◆ Material provided ◆
────────────────────

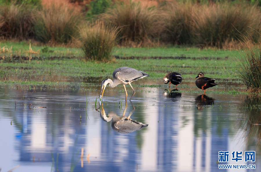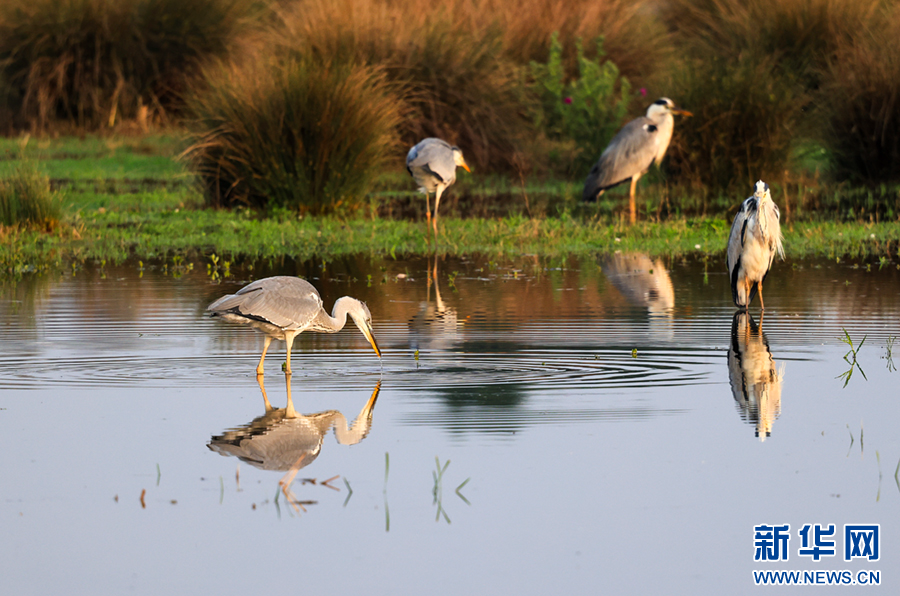 鹭鸟在湿地栖息觅食(5月22日摄)。新华网发(孙文来 摄)
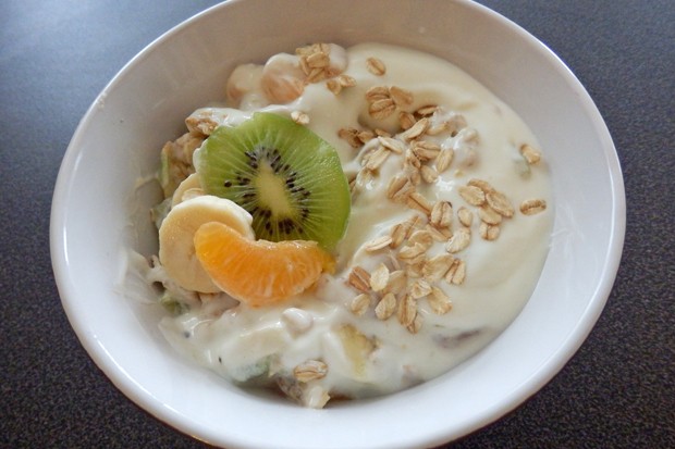 - Die Banane, Kiwi und Mandarine schälen und würfelig schneiden. Das Joghurt in eine Schüssel geben und das Obst sowie die Haferflocken hinzugeben. Die Zitrone auspressen und den Saft ebenfalls hinzufügen und alles miteinander gut verrühren und servieren.
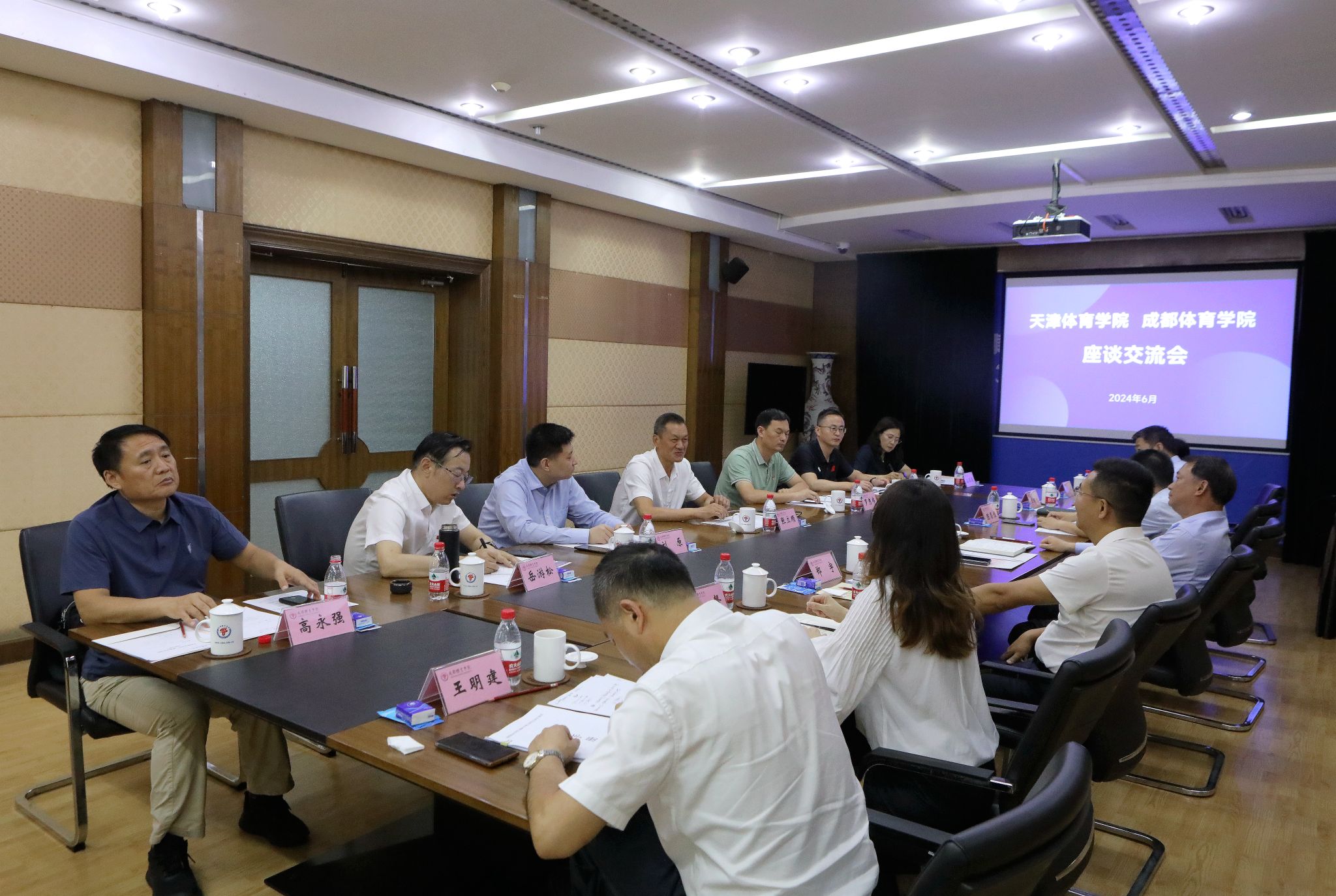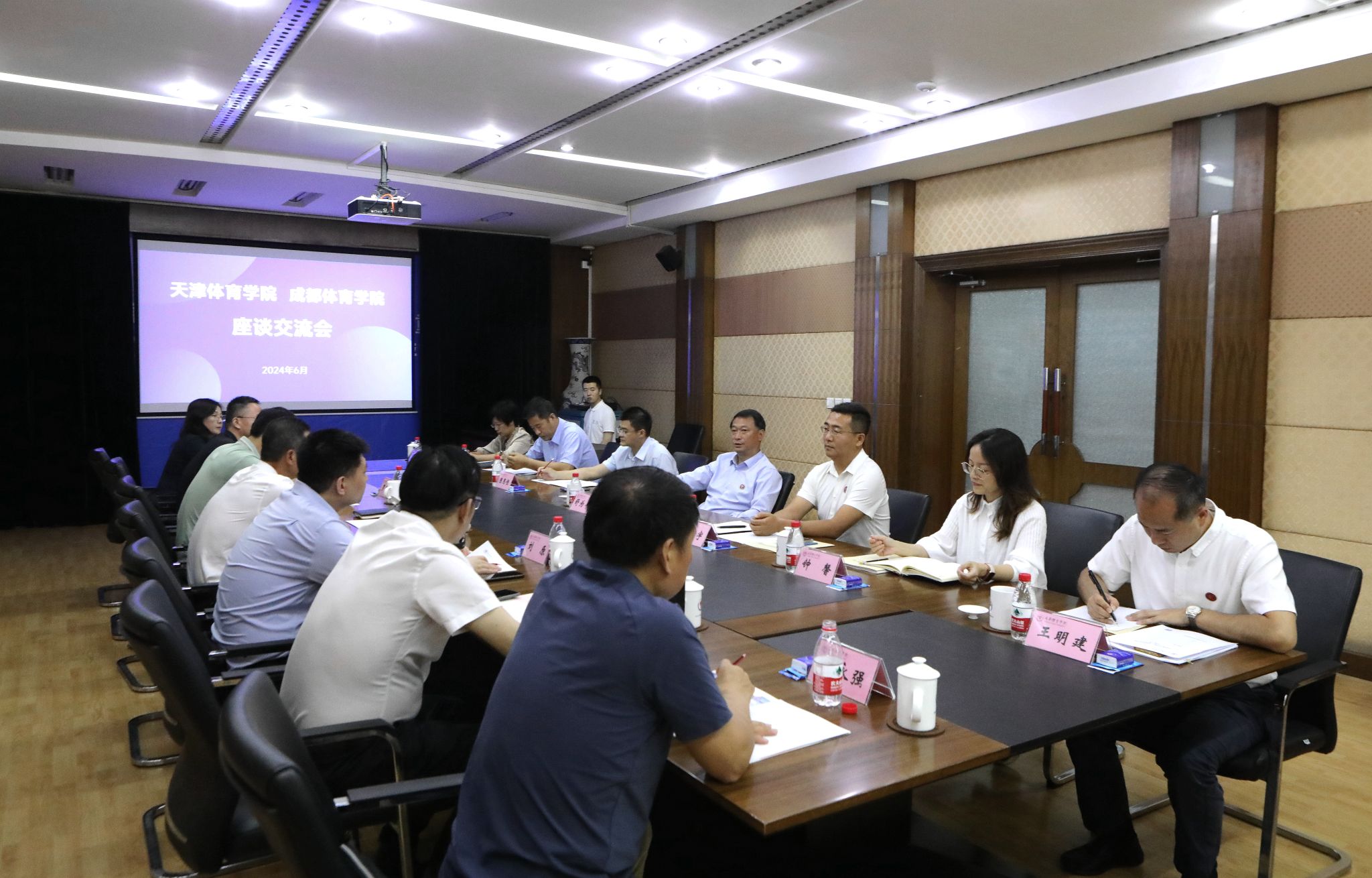 天津体育学院党委办公室(院长办公室)、宣传部、科研与研究生处、教务处(招生办公室)、马克思主义学院,学校党委办公室/校长办公室、发展规划处、教务处、研究生院/学科建设处、马克思主义学院等双方其他有关部门和单位负责同志参加了座谈和对口交流。
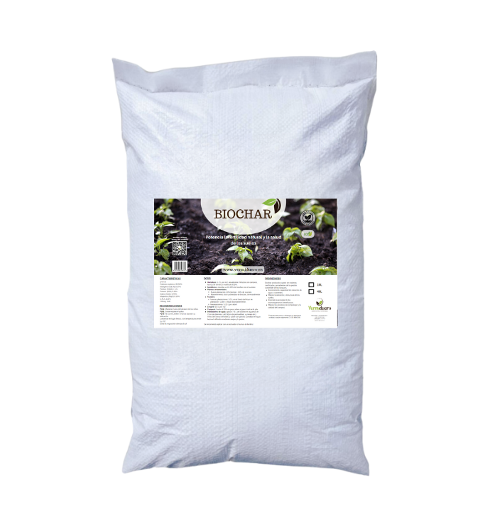 Es un material rico en carbono orgánico, muy poroso y estable, ideal para mejorar de forma duradera la fertilidad y la estructura del suelo.

────────────────────

Nothing but an exact transcription of the material, without pictures, should be returned.

◆ Response for this exercise ◆
 鹭鸟在湿地栖息觅食(5月22日摄)。新华网发(孙文来 摄)
 - Die Banane, Kiwi und Mandarine schälen und würfelig schneiden. Das Joghurt in eine Schüssel geben und das Obst sowie die Haferflocken hinzugeben. Die Zitrone auspressen und den Saft ebenfalls hinzufügen und alles miteinander gut verrühren und servieren.
 天津体育学院党委办公室(院长办公室)、宣传部、科研与研究生处、教务处(招生办公室)、马克思主义学院,学校党委办公室/校长办公室、发展规划处、教务处、研究生院/学科建设处、马克思主义学院等双方其他有关部门和单位负责同志参加了座谈和对口交流。
 Es un material rico en carbono orgánico, muy poroso y estable, ideal para mejorar de forma duradera la fertilidad y la estructura del suelo.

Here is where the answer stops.